New Report Finds Lackluster Growth For Nonprofit Hospitals
Moody's finds that the hospitals reporting the slowest rate of revenue growth in 20 years, the Wall Street Journal reports. Also in hospital news, a new urgent care center in New Orleans is off to a good start and California officials weigh one chain's efforts to take over more facilities.
The Wall Street Journal: Hospitals Put On Sick List
Nonprofit hospitals are under increasing financial pressure, with revenue growing at the slowest rate in at least two decades, according to a new report from Moody's Investors Service. The 4% median revenue growth rate, based on a review of 401 hospitals' fiscal 2010 financial results, is the lowest the firm has seen since it started tracking the figure two decades ago, Moody's officials said in a report set to be issued Wednesday. Though the hospitals have been pushing hard to reduce expenses over the past few years, around 20% of those in the study were still running in the red on an operating basis. Even those that were in the black achieved fairly thin margins, with 63% of all the hospitals achieving results between break-even and 5% (Mathews, 8/10).
New Orleans Times-Picayune: 24-Hour Urgent Care Center Sees Brisk Traffic In Eastern New Orleans
The newly opened urgent care center on the old Methodist Hospital campus saw almost 200 patients in its first full week of operation, about three times what city officials expected for the first all-hours medical service east of the Industrial Canal since Hurricane Katrina. ... Both the urgent care center and the hospital are projects of the state-chartered Orleans Parish Hospital Service District. [Mayor Mitch] Landrieu made restoration of health care facilities a pillar of his campaign (Barrow, 8/9).
California Watch: Senator Asks Attorney General To Review Hospital Sale With Care
The chairman of the state Senate Health Committee is asking Attorney General Kamala Harris to take a skeptical look at approving the purchase of Victory Valley Community Hospital by Prime Healthcare Services. ... .The most recent California Watch report detailed that after Prime acquired nearly a dozen hospitals in Orange, Los Angeles, San Diego and San Bernardino counties, the rate of elderly patients admitted from the emergency room to hospital beds jumped by 40 percent. The chain has reaped tens of millions more as a result of admitting more Medicare patients than the state average, rather than treating them on an outpatient basis (Jewett, 8/10).

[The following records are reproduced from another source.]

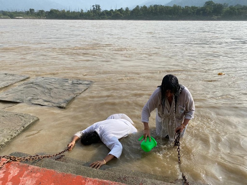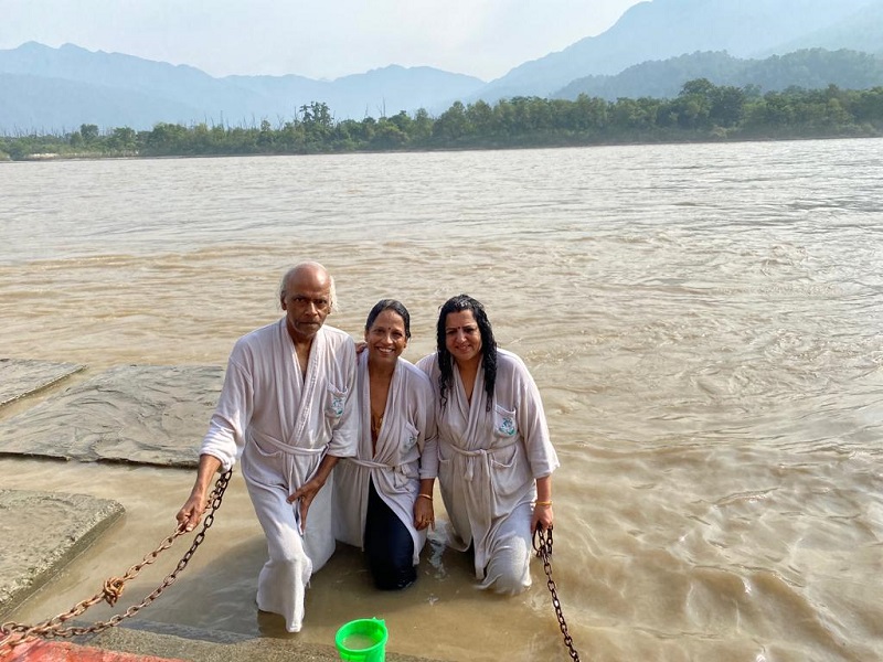 The lingering after effects had taken their toll on Chitti and Hema, who continued to feel tired on the next day morning. But Chitappa, Jayanthi and myself decided that a dip in the holy Ganges would be the grand panacea for all illness. We had access to private bathing ghats in our group hotel. It was Jayanthi’s wedding anniversary too and we felt happy to be at Rishikesh on her special day, though we wished her better half too had joined us. The mighty Ganges invoked awe and admiration. We took three dips but I was filled with trepidation about Chitappa and Jayanthi trying to go into deeper waters. Both are ‘enthu cutlets’ and I had to rein them in to restrict themselves to just the perfunctory dip, nothing more than that😊
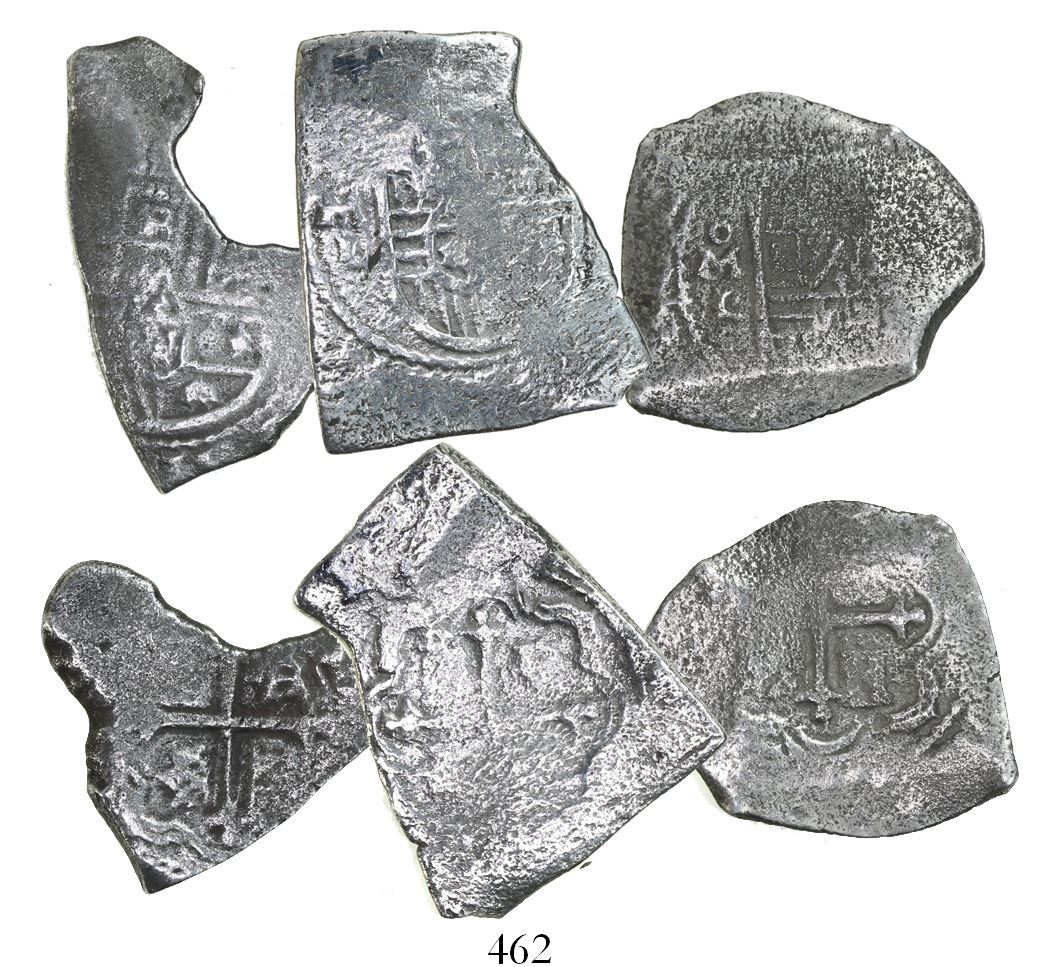 Lot of 3 Mexico City, Mexico, cob 4 reales, Charles II, assayer L (where visible). KM-39. 30.54 grams total. Interesting shapes, two with full oML, lightly corroded and thin, lightly toned. With generic certificates. Recovered from: Joanna, sunk in 1682 off South Africa
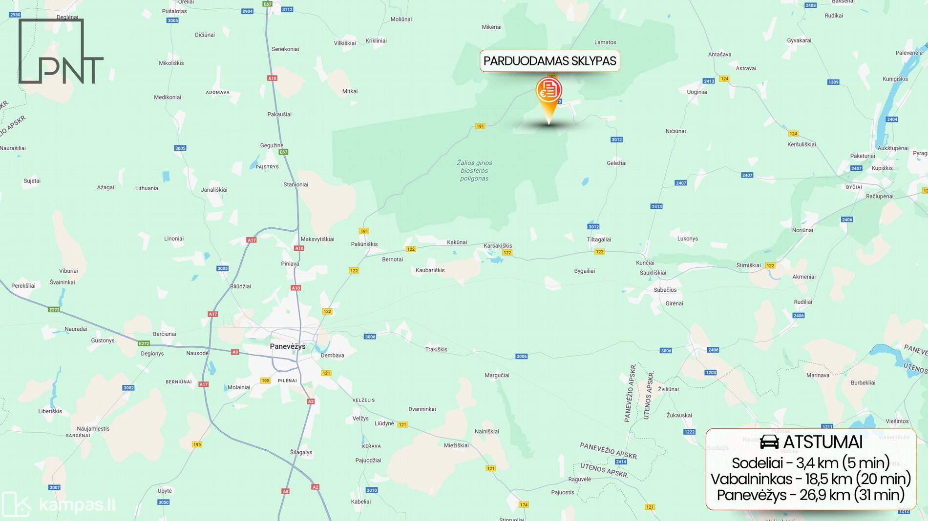 Sklypas yra pačiame Žaliosios girios pakraštyje, tad gamtos ir ramybės netrūksta. Ribojasi su Pyvesos upeliu, o privažiavimas – puikus ištisus metus.
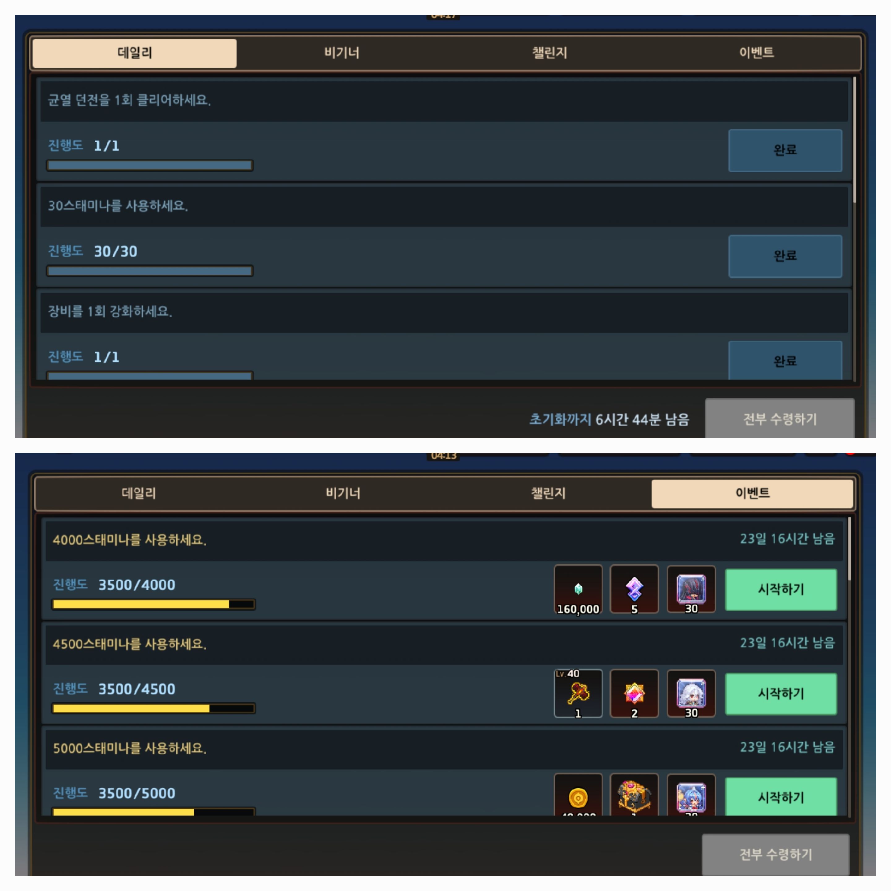 각성석 던전 / 세계 탐험 (굿즈 획득)을 제외 한
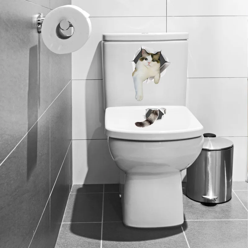 Яркая 3D наклейка на стену в виде кошки, наклейка на крышку унитаза...
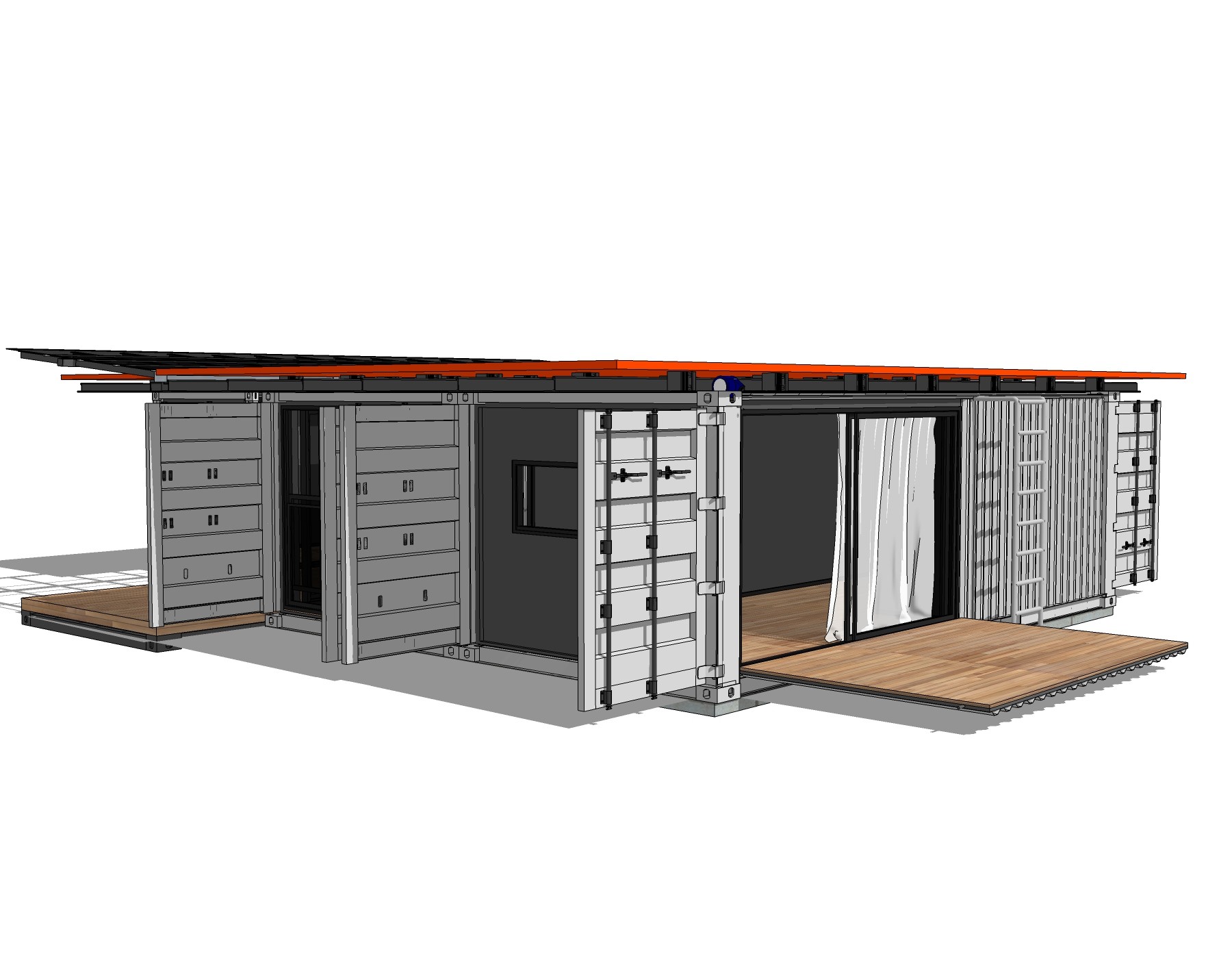 现代集装箱改造房草图大师模型,集装箱住宅sketchup模型下载
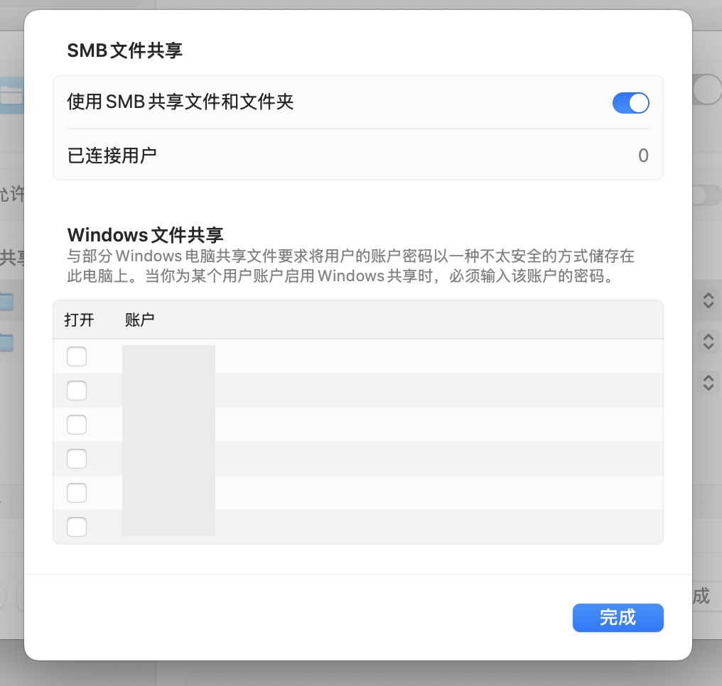 新 Mac 中,在文件共享-选项-SMB 文件共享 窗口中,会时不时的显示非常多的重复用户,很不正常。(如图)另外一张图是我旧电脑的 SMB 文件共享窗口,则正常显示了我启用的两个用户。

Dallas Morning News: UT Regents Authorize Settlement To End UTSW Investigation
The University of Texas System agreed Tuesday to pay more than $1 million to settle federal and state investigations of UT Southwestern Medical Center. UTSW has been under investigation for possible Medicare and Medicaid fraud since at least 2008, according to records obtained by The Dallas Morning News (Dunklin, 8/9).